Maverick has almost all of the same elements that made Top Gun so entertaining, particularly those that feature Cruse.  Maverick buzzing a tower to get a rise out of the commander.  Maverick riding around on his motorcycle, sometimes chasing a jet.  Maverick and the (male) pilots playing volleyball on the beach in the sun, shirtless.  Maverick flashing his killer smile while putting the movies on a beautiful woman in a bar.  There’s also a scene where Rooster plays the piano in the bar and the pilots sing along, but the scene brings up some dark feelings for Maverick.

Maverick isn’t wall-to-wall Cruise, though.  The opening montage features jets landing and taking off from a carrier set to “Danger Zone”.  (I hadn’t thought of that song in twenty years.  Now I can’t get it out of my head.)  And the movie is chockablock full of training sequences that feature roaring jets.  The movie is expertly directed by Joseph Kosinski, who has absorbed every lesson possible by Scott and has put forth a movie that would make him proud.  Maverick is beautifully shot by Claudio Miranda, and editor Eddie Hamilton, and includes copious amounts of Harold Faltermeyer’s iconic score.  (Every time I knew the synthesized bell was going to ring, it still got to me.)  I was surprised that Berlin’s “Take my breath away” wasn’t included, but in all honesty, I didn’t miss it.  (It probably is my least favorite of their songs.)  The end credits do feature a powerhouse ballad by Lady Gaga, though.

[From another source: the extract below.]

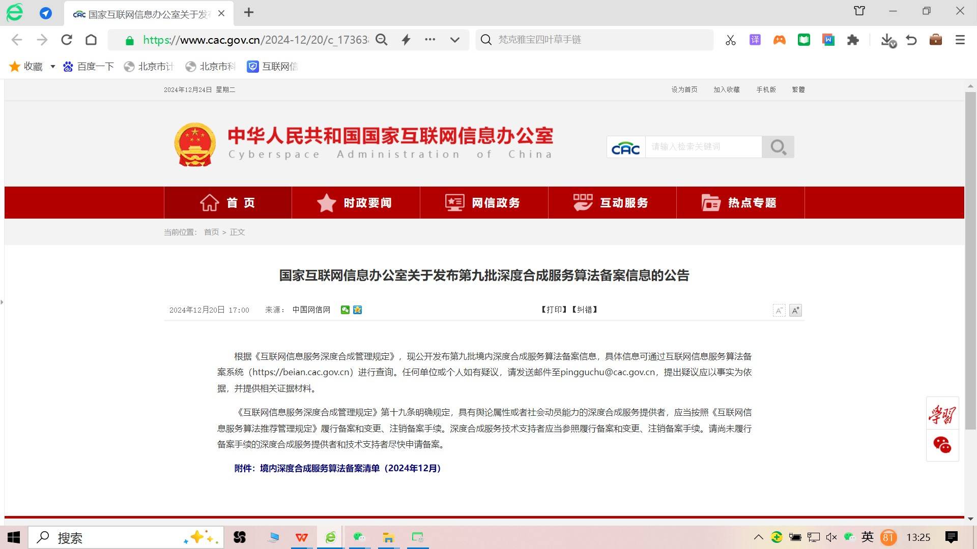 计算中心一项生成式智能算法顺利通过国家网信办算法备案

The most noticeable difference between Maverick and its predecessor is how it presents the Maverick character.  Instead of a young, handsome, cocky, reckless and disrespectful pilot, we get an old, handsome, cocky, reckless and disrespectful pilot.  Gone is the bright, shiny, young flyboy of yesteryear.  This year’s Maverick may still smile widely from behind his aviators and flex a tanned and beefy bicep, but the face has lines on it and his eyes are puffy.  Time catches up to everyone, and Cruise has looked his age in the recent Mission: Impossible movies.  The difference with Maverick is that Cruise’s age is not camouflaged or obstructed with the blur of an action sequence.  In this movie, filled with scenes of Maverick talking, there are no opportunities to hide the obvious.  To his credit, Cruise lets the camera dwell on his visage, subtly delivering an undercurrent mortality to the proceedings.  Maverick was the first movie where I almost felt…sorry for Cruise.  Maybe sorry is too harsh.  He’s been so diligent about keeping himself in shape and doing his own stunts that I would feel sorry for him when the time comes when he can no longer be a human action figure.

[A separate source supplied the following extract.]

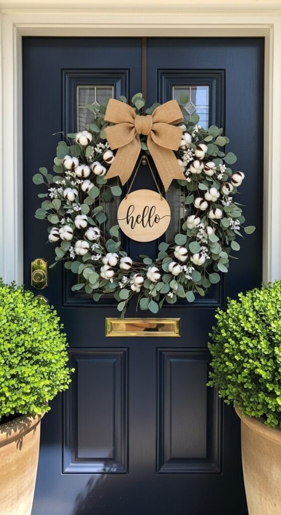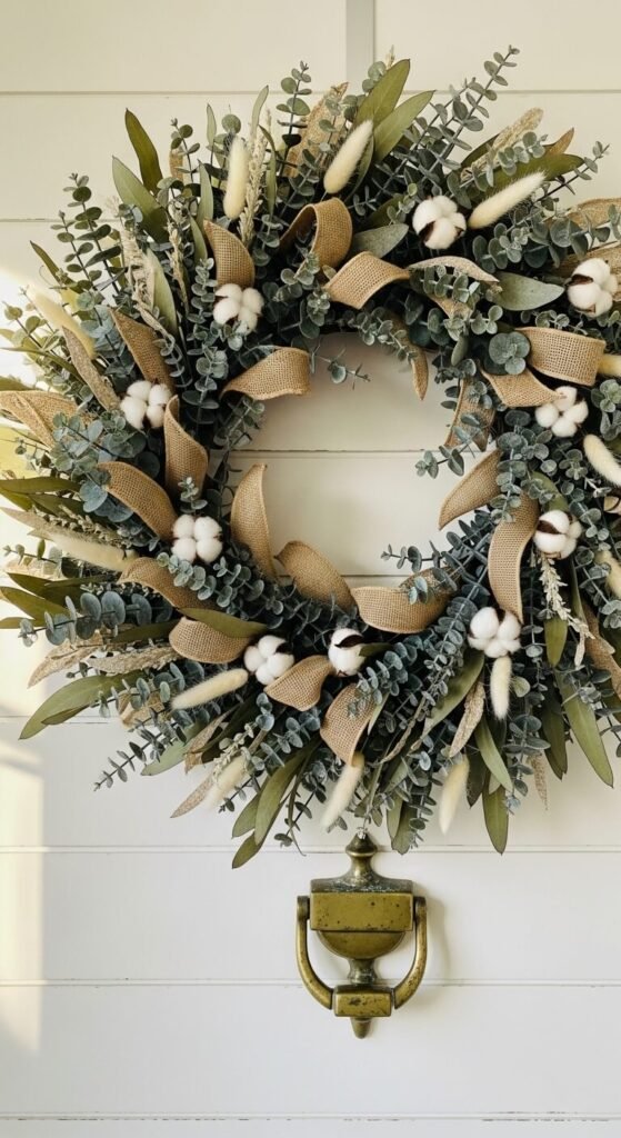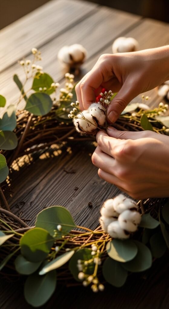 Cotton stems are an absolute farmhouse staple. Tuck 3–5 stems in clusters rather than spreading them out evenly. Grouping creates visual weight and makes the wreath look intentional rather than scattered.

Maverick also marks the first time I can remember Cruise taking on the role of mentor.  After Rooster and Cruise got past the perfunctory “I hate what you did to me” routine, the two had good chemistry.  The scenes with the two of them behind enemy lines were very good, and if there is a sequel, I can see the makings of a beautiful bro-tastic friendship.  Hopefully, Cruise and the filmmakers avoid making the obvious choice, where Maverick dies, leaving Rooster with “unresolved father-figure issues” to deal with. 

Like almost all movies that feature Jennifer Connelly as the leading lady, Cruise/Maverick can’t help but fall in love with her.  (I think the one exception to the Connelly Rule is Keanu Reeves in The Day The Earth Stood Still.)  While the original movie was no hot-bed of passion, it at least featured one slo-mo kiss between Cruise and Kelly McGillis.  Somewhere along the way, Cruise went from being a credible romantic partner to someone who you just don’t believe could be in a sexual relationship.  There hasn’t even a whiff of sex in a Tom Cruise movie in a long time, and Maverick is no exception.  The film cuts away just before Cruise and Connelly get physical, and the one kiss they share is shot from such a distance, there’s way of knowing whether they actually locked lips or not.  Not to belabor things, but if it weren’t for a few swear words, Maverick could be PG.

The other curious aspect of the movie is how weirdly generic its politics are.  The movie never states where the mission will take place, and unlike Top Gun, we never see the faces of the enemy pilots.  I don’t understand why they couldn’t make the enemy country Iran or North Korea, since those countries have been perceived as enemies of the US for decades and will likely never see this movie.  I wished the screenplay had a character refer to the villains as “evildoers”, but it was not to be.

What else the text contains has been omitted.